A TDD may contain, for example, a particular medication(s) for treatment of disease or relief of pain. The sensor, when activated may, by its internal timing circuitry, generates an ultrasonic vibration or sonic transmission through the TDD, causing an echo pattern, which may be received by a transducer receiver. The electronic character of the echo pattern may measure the starting dosage amount within the TDD, and later compare that starting value to later values as the medicant is liberated from the TDD over time. Likewise, the sensor, when activated by internal timing circuitry, may generate an ultrasonic vibration or sonic transmission through the skin of a patient, causing an echo pattern, which may be received by a transducer receiver. The electronic character of this echo pattern may measure the dose which actually permeates the skin, and may later be compared to the electronic character signature starting value within the TDD to the later received values as the medicant is liberated from the TDD over time to calculate the quantity of medicant actually received by the patient at any particular point in time.


According to an aspect of the present invention, a sensor may be attached to a TDD or transdermal patch, which may enable the measurement of real time drug delivery through the TDD or transdermal patch into a patient's skin as the active substance within the TDD is deposited or absorbed into the skin of the patient.


According to an aspect of the present invention, a sensor may be attached to a TDD, which may enable the measurement of the quantity of an active substance stored within a TDD, for the purpose of determining the quantity which has been delivered from the TDD and also functioning as a “fuel gauge” for determining the remaining quantity of the active within the, and therefore the remaining “life” of the TDD.


According to an aspect of the present invention, a cymbal type transducer or transducer array (flextensional class V) for my be used as an ultrasonic sensor device to deliver either low or high frequency ultrasound transmissions through the TDD for the purpose of functioning as a “fuel gauge” indicator of the drug remaining within the TDD at any point in time.
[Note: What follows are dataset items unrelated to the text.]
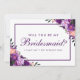 Ultralätt Lila Watercolor Blommigt Bröllop blir mitt Bridesmaid Card - Lila Script - Lila Ram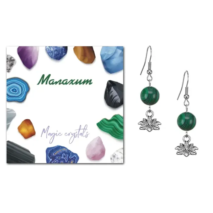 Серьги Лотос (гармония и развитие), Малахит SEB07-15-15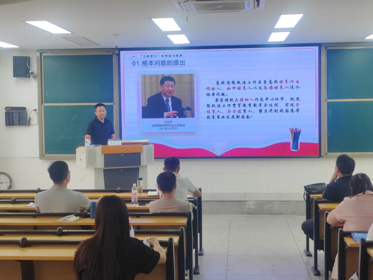 黄正杰以“春风化雨,以爱育人”为主题,以高校思想政治工作要培养什么样的人、如何培养人以及为谁培养人这个根本问题导入,从“三全育人及五育并举的理念沿革与框架、当代大学生的主要特质、教师背负的育人责任、新时代的担当作为”等方面,生动诠释了“三全育人”视角下学校育人队伍在大学生五育并举中的时代担当。同时,黄正杰通过生动的案例分析,深刻剖析了当代大学生的思想特点,号召学院教师坚持正确政治方向,以身作则,言行雅正,做好榜样,引领帮助学生“扣好人生的第一粒扣子”,同时要以具有崇高师德为奋斗目标,做“四有”好老师。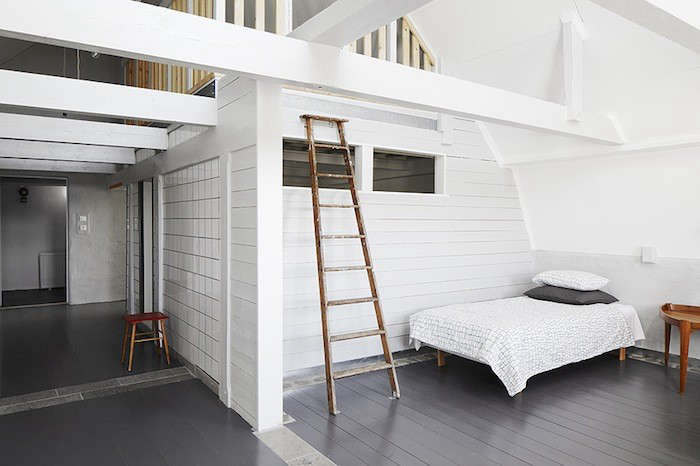 Above: The walls and ceiling of this lofty bedroom are covered in white painted shiplap paneling. (See Expert Advice: The Enduring Appeal of Shiplap.),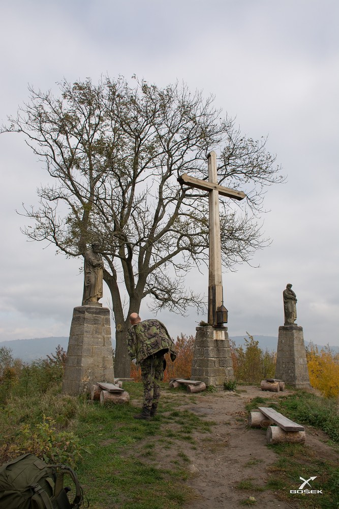 Jsme na vrcholu. Stojí tu na památku prusko-rakouské bitvy kříž a sochy svatého Petra a Pavla. Přichází za námi nějaké starší turistky a ta jedna se ptá druhé: „Čípak to jsou sochy?“ „V podstatě naše,“ odpovídá Hroch. Já jsem Pavel a támhle jsou dva Petrové.

According to an aspect of the present invention, a cymbal type transducer or transducer array (flextensional class V) may be used in the sensor device to deliver either low or high frequency ultrasound transmissions through the patients skin to measure the amount of the active substance actually delivered through the patients skin structure, in real-time, as the active substance is being delivered by the TDD or absorbed from the TDD by the skin of the patient, for the purpose of providing data to a control device which will determine and record the actual drug quantity, timing and other related factors to a drug delivery regimen for that individual patient.


The present invention may also provide a control device or monitor which may enable: the measurement of the amount of the active substance delivery through the patients skin structure, in real time, as the active substance is being delivered by a TDD or transdermal patch, or absorbed from the TDD by the skin of the patient; measure and record the amount of the active substance remaining within the TDD for the purpose of functioning as a fuel gauge; for measuring and recording the amount of the active substance remaining which was originally stored within the TDD and which has now been deposited or liberated from the TDD for the purpose of functioning as a fuel gauge in a control function; and, determining and recording the actual drug quantity, timing, control and other related factors related to a drug delivery device.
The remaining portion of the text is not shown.